> Required work
Give back the lines below exactly, but do not include any pictures.

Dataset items
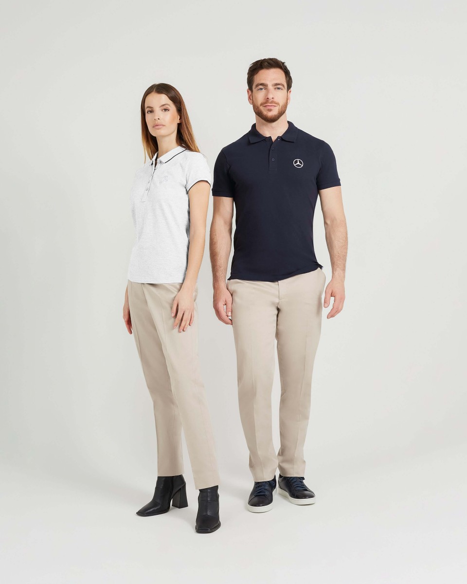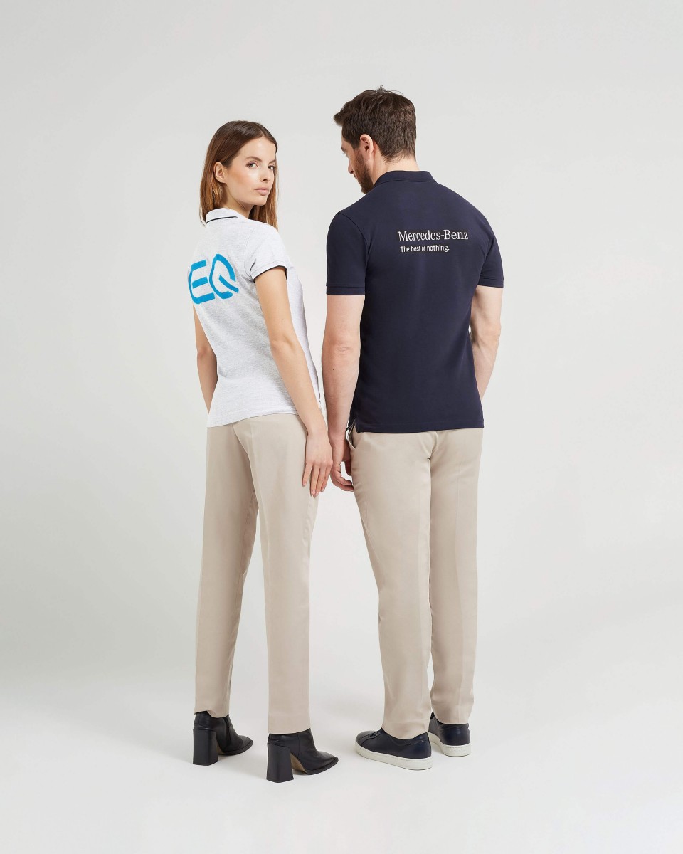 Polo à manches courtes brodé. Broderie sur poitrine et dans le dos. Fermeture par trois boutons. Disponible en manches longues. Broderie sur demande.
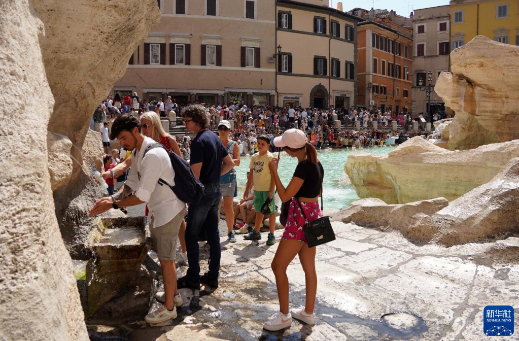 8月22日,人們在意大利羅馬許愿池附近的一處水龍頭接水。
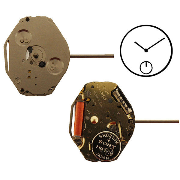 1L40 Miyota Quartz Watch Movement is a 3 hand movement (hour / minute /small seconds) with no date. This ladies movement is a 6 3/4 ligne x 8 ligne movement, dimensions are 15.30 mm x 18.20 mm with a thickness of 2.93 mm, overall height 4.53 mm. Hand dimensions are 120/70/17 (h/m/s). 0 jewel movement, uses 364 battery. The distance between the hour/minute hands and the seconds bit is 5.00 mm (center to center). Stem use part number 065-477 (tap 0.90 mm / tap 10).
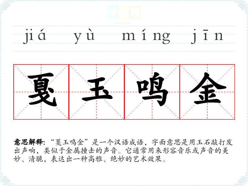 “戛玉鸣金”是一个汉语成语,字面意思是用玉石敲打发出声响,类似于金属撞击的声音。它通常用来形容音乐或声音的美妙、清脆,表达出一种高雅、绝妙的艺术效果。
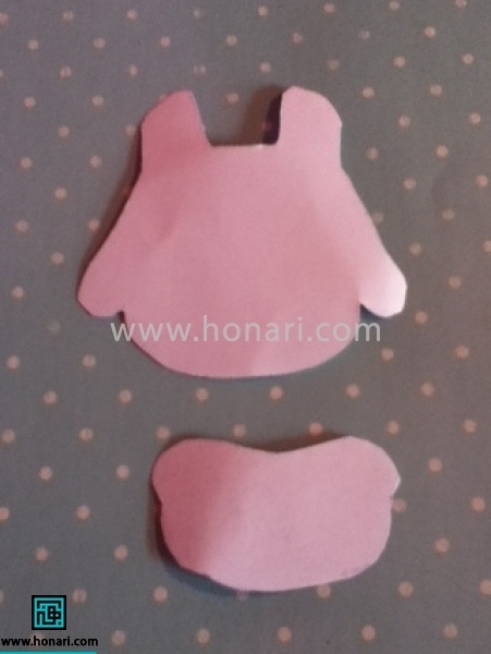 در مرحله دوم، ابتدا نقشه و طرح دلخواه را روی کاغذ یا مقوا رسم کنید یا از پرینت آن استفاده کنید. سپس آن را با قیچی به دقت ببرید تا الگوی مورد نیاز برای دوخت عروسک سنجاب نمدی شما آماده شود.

> Expected answer
 Polo à manches courtes brodé. Broderie sur poitrine et dans le dos. Fermeture par trois boutons. Disponible en manches longues. Broderie sur demande.
 8月22日,人們在意大利羅馬許愿池附近的一處水龍頭接水。
 1L40 Miyota Quartz Watch Movement is a 3 hand movement (hour / minute /small seconds) with no date. This ladies movement is a 6 3/4 ligne x 8 ligne movement, dimensions are 15.30 mm x 18.20 mm with a thickness of 2.93 mm, overall height 4.53 mm. Hand dimensions are 120/70/17 (h/m/s). 0 jewel movement, uses 364 battery. The distance between the hour/minute hands and the seconds bit is 5.00 mm (center to center). Stem use part number 065-477 (tap 0.90 mm / tap 10).
 “戛玉鸣金”是一个汉语成语,字面意思是用玉石敲打发出声响,类似于金属撞击的声音。它通常用来形容音乐或声音的美妙、清脆,表达出一种高雅、绝妙的艺术效果。
 در مرحله دوم، ابتدا نقشه و طرح دلخواه را روی کاغذ یا مقوا رسم کنید یا از پرینت آن استفاده کنید. سپس آن را با قیچی به دقت ببرید تا الگوی مورد نیاز برای دوخت عروسک سنجاب نمدی شما آماده شود.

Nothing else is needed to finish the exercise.